DATA EXTRACT ->
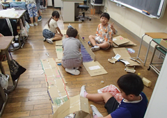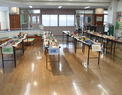 今日も過ごしやすい日でした。校庭はクレーン車が入り、ますます狭くなっています。今日の給食は「ごはん・豚汁・もやし炒め・ちくわの磯辺揚げ・牛乳」です。1年生は、家から持ってきた、たくさんの箱を使って学習していました。箱の形を鉛筆でなぞって描いて、できた形についてみんなで交流していました。国語は「うみのかくれんぼ」を音読していました。2年生は一人ひとりの作品が集まって、街ができていました。3年生は前期の振り返りを書いていました。図工の「空き容器の変身」も完成して、廊下に飾られていました。4年生は社会科の学習のまとめをグループで教室と多目を使ってやっていました。5年生は自然教室で収集した、「まつぼっくりや栗」などを使って、素敵な飾りを作っていました。今日の一品は「こっそり生きてる自然」です。題名がユニークです。6年生はアリーナでバスケットボールをしていました。サポート級はみんなで「秋の飾り」を作っていました。
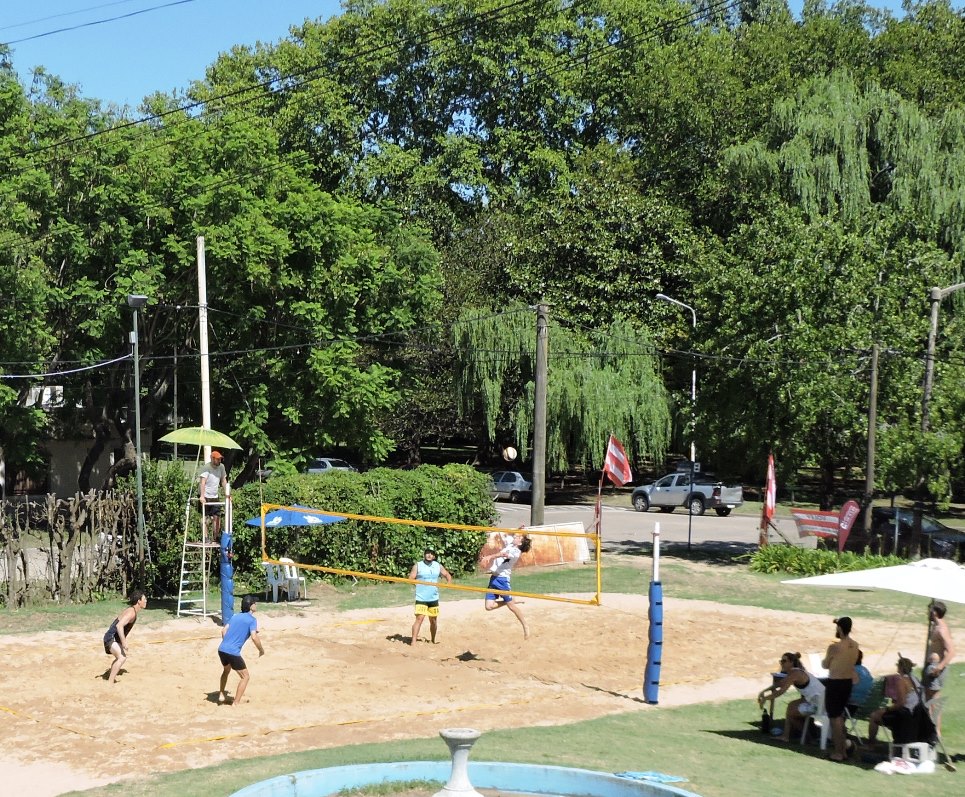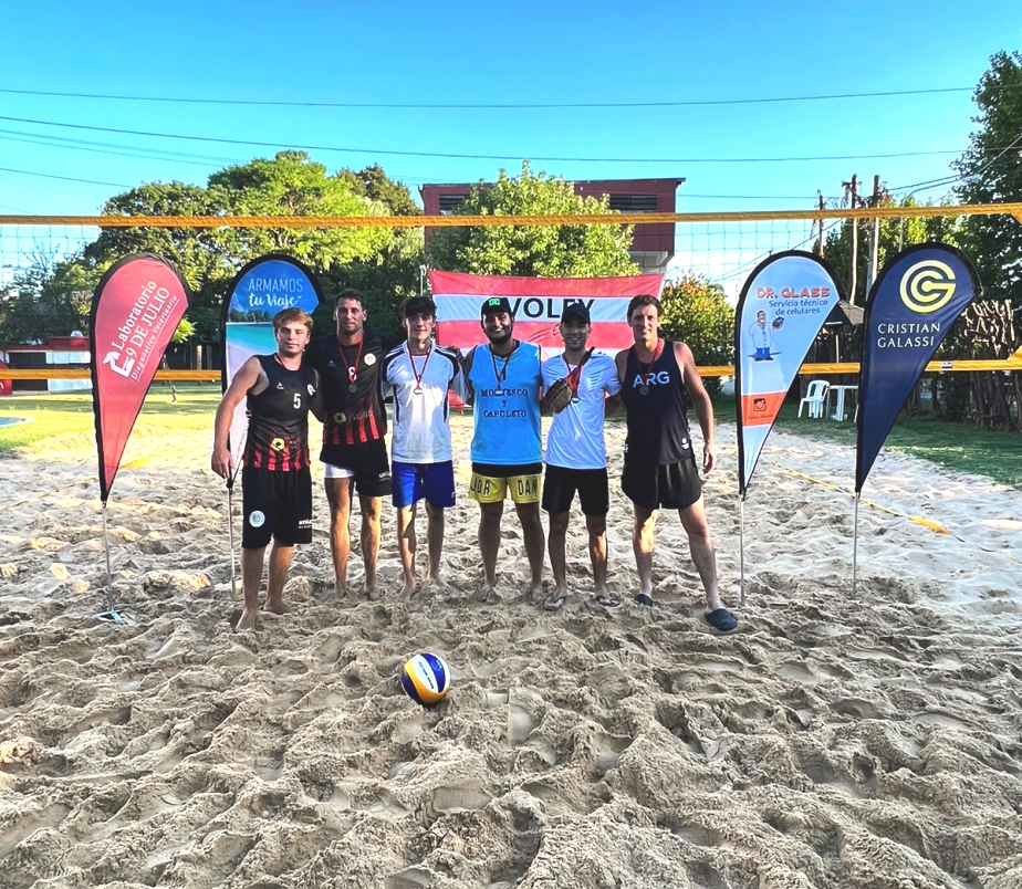 Se disputó el domingo pasado el Torneo de Beach Voley masculino, en la nueva cancha instalada en el Estadio del Club Atlético, habilitada la semana pasada, con el certamen femenino, en ambos casos con participación de ocho equipos, de carácter zonal porque toman parte equipos de ciudades vecinas.
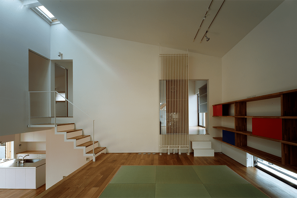 訪問者を招く、イベントを催す、食事を楽しむといったフォーマルな居間と、映画鑑賞、子供の遊び場、ピアノを弾くといったインフォーマルな居間を大きな階段でつなげた住宅。この性格の異なる2つの居間は、多彩な生活スタイルに応える。
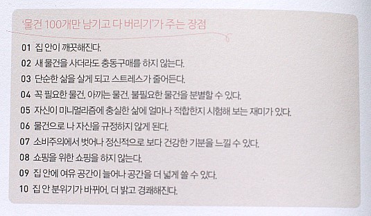 책에서 말하는 물건 100개만 남기고 다 버리기가 주는 장점. 누구나 알 수 있는 내용이다..

ABOUT THIS EXERCISE ->
Restate the listing above word for word, and skip the pictures.

ANSWER TO THIS EXERCISE ->
 今日も過ごしやすい日でした。校庭はクレーン車が入り、ますます狭くなっています。今日の給食は「ごはん・豚汁・もやし炒め・ちくわの磯辺揚げ・牛乳」です。1年生は、家から持ってきた、たくさんの箱を使って学習していました。箱の形を鉛筆でなぞって描いて、できた形についてみんなで交流していました。国語は「うみのかくれんぼ」を音読していました。2年生は一人ひとりの作品が集まって、街ができていました。3年生は前期の振り返りを書いていました。図工の「空き容器の変身」も完成して、廊下に飾られていました。4年生は社会科の学習のまとめをグループで教室と多目を使ってやっていました。5年生は自然教室で収集した、「まつぼっくりや栗」などを使って、素敵な飾りを作っていました。今日の一品は「こっそり生きてる自然」です。題名がユニークです。6年生はアリーナでバスケットボールをしていました。サポート級はみんなで「秋の飾り」を作っていました。
 Se disputó el domingo pasado el Torneo de Beach Voley masculino, en la nueva cancha instalada en el Estadio del Club Atlético, habilitada la semana pasada, con el certamen femenino, en ambos casos con participación de ocho equipos, de carácter zonal porque toman parte equipos de ciudades vecinas.
 訪問者を招く、イベントを催す、食事を楽しむといったフォーマルな居間と、映画鑑賞、子供の遊び場、ピアノを弾くといったインフォーマルな居間を大きな階段でつなげた住宅。この性格の異なる2つの居間は、多彩な生活スタイルに応える。
 책에서 말하는 물건 100개만 남기고 다 버리기가 주는 장점. 누구나 알 수 있는 내용이다..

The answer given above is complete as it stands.